Monitoring with Prometheus

httpcache includes optional Prometheus metrics integration to monitor cache performance, HTTP requests, and resource usage. The metrics system is:

  • Zero-dependency by default - Metrics are opt-in and don't add dependencies to the core package
  • Non-intrusive - Works with any existing cache backend
  • Production-ready - Battle-tested metric types and labels
  • Integration-friendly - Easily integrates with existing Prometheus setups

Quick Start

import (
    "github.com/sandrolain/httpcache"
    prommetrics "github.com/sandrolain/httpcache/wrapper/metrics/prometheus"
)

// Create metrics collector
collector := prommetrics.NewCollector()

// Wrap your cache
cache := httpcache.NewMemoryCache()
instrumentedCache := prommetrics.NewInstrumentedCache(cache, "memory", collector)

// Wrap your transport
transport := httpcache.NewTransport(instrumentedCache)
instrumentedTransport := prommetrics.NewInstrumentedTransport(transport, collector)

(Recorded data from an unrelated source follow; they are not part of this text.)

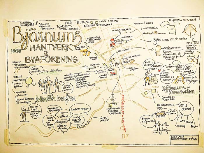 Vandringen avslutades i föreningens lokal under restaurang Tre Hammare med en fika och att de närvarande sedan tillsamman ritade en sorts karta över vad som känns viktigt för byn.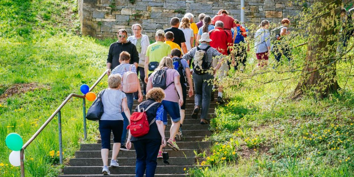 Auf der ausgeschilderten „StäffelesWalk“-Strecke starteten verschiedene Leistungsgruppen: Eine Running-Gruppe für alle ambitionierten Läuferinnen und Läufer und mehrere Walkinggruppen für zügige, durchschnittlich schnelle und gemütliche Walkerinnen und Walker. Alle Teilnehmer, denen die neun Kilometer der „StäffelesWalk“-Strecke zu lang waren, konnten stattdessen einen Spazierrundgang mit fünf Kilometern Länge in Angriff nehmen. Highlights der Strecke 2018 waren die malerischen Blicke auf das Neckartal und die Ruine Engelburg im Stadtbezirk Mühlhausen. Der „Run up“ bot eine Streckenführung ohne Stäffele und startete ebenfalls beim TVC. Geführt wurden alle Run up & AOK-StäffelesWalk-Gruppen von erfahrenen Walking- und Lauftreffleitern.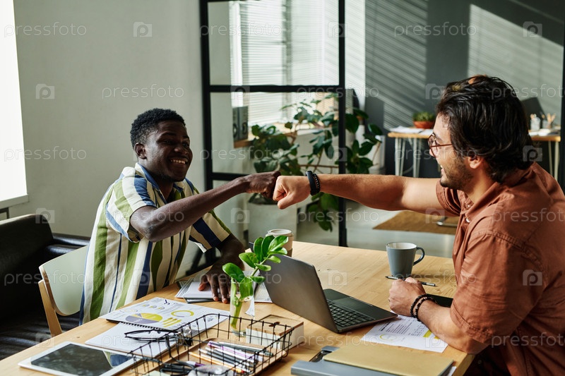Две счастливые молодые межкультурные коллеги, делающие ударный удар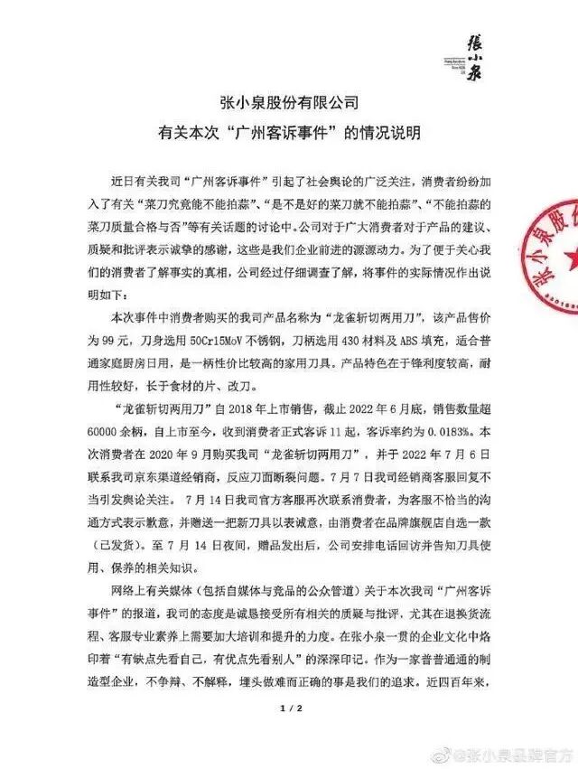 因为一把“中华老字号”张小泉的菜刀,网友这几天吵翻了……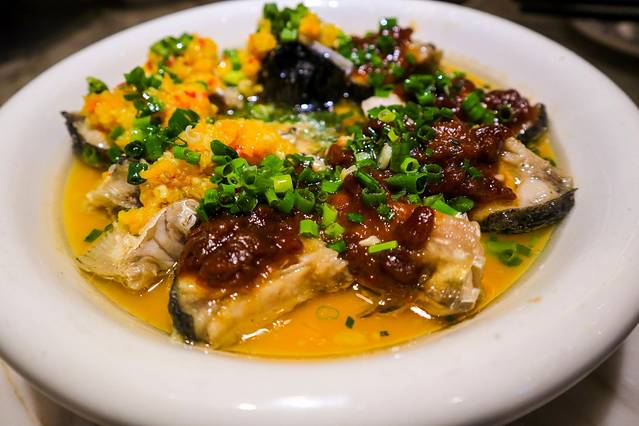 黄灯笼辣椒酱蒸鱼头:用海南本地辣椒黄灯笼做酱,与鱼肉制成的本地特色菜!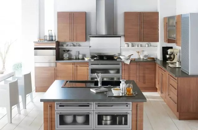 購買一體化廚柜能省去很多麻煩,根據(jù)實際情況定制櫥柜也是合理利用空間的好辦法。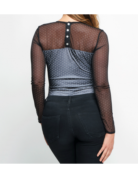 Body dentelle fleurie manche longue col rond: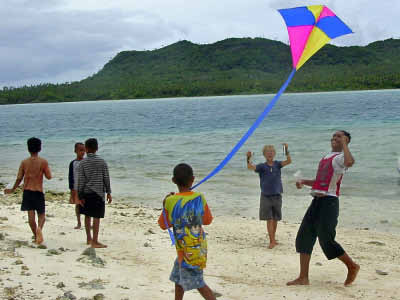 Some cruisers with kids of their own brought kites for all the children... however the Tonga children were made to stop flying them because they are not allowed to play on Sunday.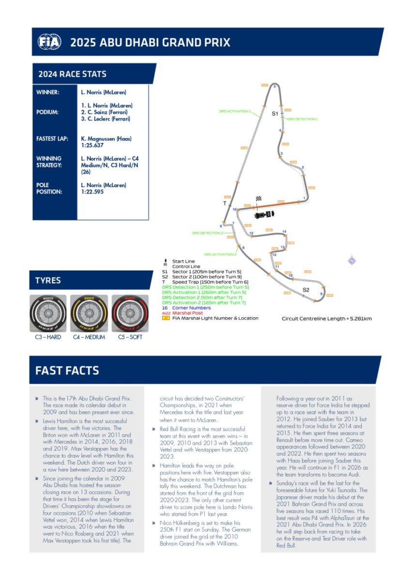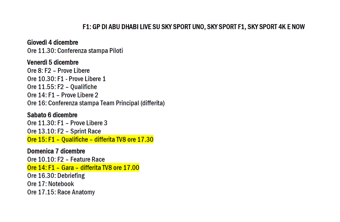 Sembrava una stagione lunghissima e sta già per finire. Il GP di Abu Dhabi sarà infatti l’ultimo atto di un campionato 2025 avvincente e decreterà chi tra Lando Norris, Max Verstappen e Oscar Piastri conquisterà il Titolo Piloti. Si parte giovedì con la conferenza stampa piloti dalle 11.30. Venerdì in pista per la prima sessione di prove libere alle 10.30, mentre la seconda è in programma alle 14.00. Sabato alle 11.30 la terza sessione di libere, con le qualifiche e la lotta per la pole alle 15.00. Domenica alle 14.00 la gara che chiude la stagione. Nel weekend in pista anche l’ultima gara del campionato F2, in cui Leonardo Fornaroli si è laureato campione lo scorso fine settimana in Qatar, ma resta da assegnare quello Team.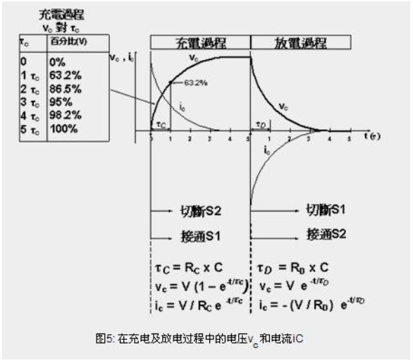 電阻值R和電容值C的乘積被稱為時(shí)間常數(shù)τ,這個(gè)常數(shù)描述電容的充電和放電速度,見(jiàn)圖5。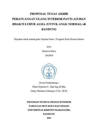 Maria, Novenia (1663010) (2021) Perancangan Ulang Interior Panti Asuhan Bhakti Luhur Alma (Untuk Anak Normal) di Bandung. Undergraduate thesis, Universitas Kristen Maranatha.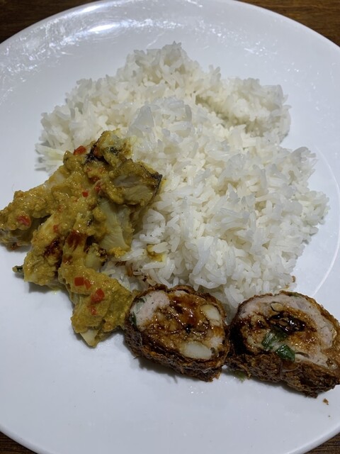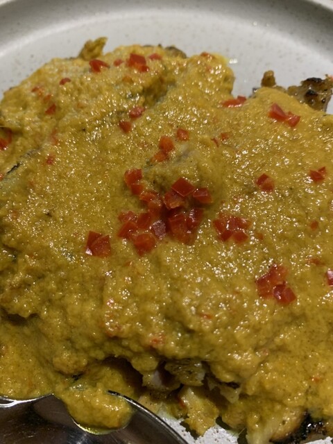 説明によれば、a true signature here。ジューシーな骨なしチキンのグリルをスパイスたっぷりのココナッツミルクソースでいただく逸品。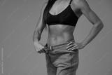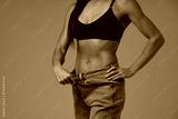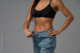 Woman in black top proudly holding oversized jeans after weight loss achievement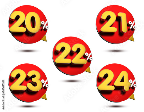 © Thitimon, Obraz premium 20-24 Percent 3D rendering on white background.(with Clipping Path).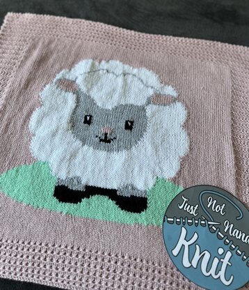 A sweet lamb baby blanket, knitted with a pink background (but could easily change to blue, or lemon).

// Use the instrumented client
client := instrumentedTransport.Client()

// Metrics are automatically exposed via Prometheus default registry
// Access them at your /metrics endpoint

Available Metrics

Cache Metrics

Metric Type Labels Description
httpcache_cache_requests_total Counter backend, operation, result Total cache operations (get/set/delete)
httpcache_cache_operation_duration_seconds Histogram backend, operation Cache operation latency
httpcache_cache_size_bytes Gauge backend Current cache size in bytes
httpcache_cache_entries Gauge backend Number of cached entries

HTTP Metrics

Metric Type Labels Description
httpcache_http_requests_total Counter method, cache_status HTTP requests by cache hit/miss/revalidated
httpcache_http_request_duration_seconds Histogram method, cache_status HTTP request duration
httpcache_http_response_size_bytes_total Counter method, cache_status Total response sizes
httpcache_stale_responses_total Counter method Stale responses served (RFC 5861)

Example PromQL Queries

Cache Hit Rate

rate(httpcache_cache_requests_total{result="hit"}[5m]) /
rate(httpcache_cache_requests_total{operation="get"}[5m]) * 100

P95 Latency

histogram_quantile(0.95,
  rate(httpcache_cache_operation_duration_seconds_bucket[5m]))

Bandwidth Saved

httpcache_http_response_size_bytes_total{cache_status="hit"}

Traffic Distribution

sum by (cache_status) (rate(httpcache_http_requests_total[5m]))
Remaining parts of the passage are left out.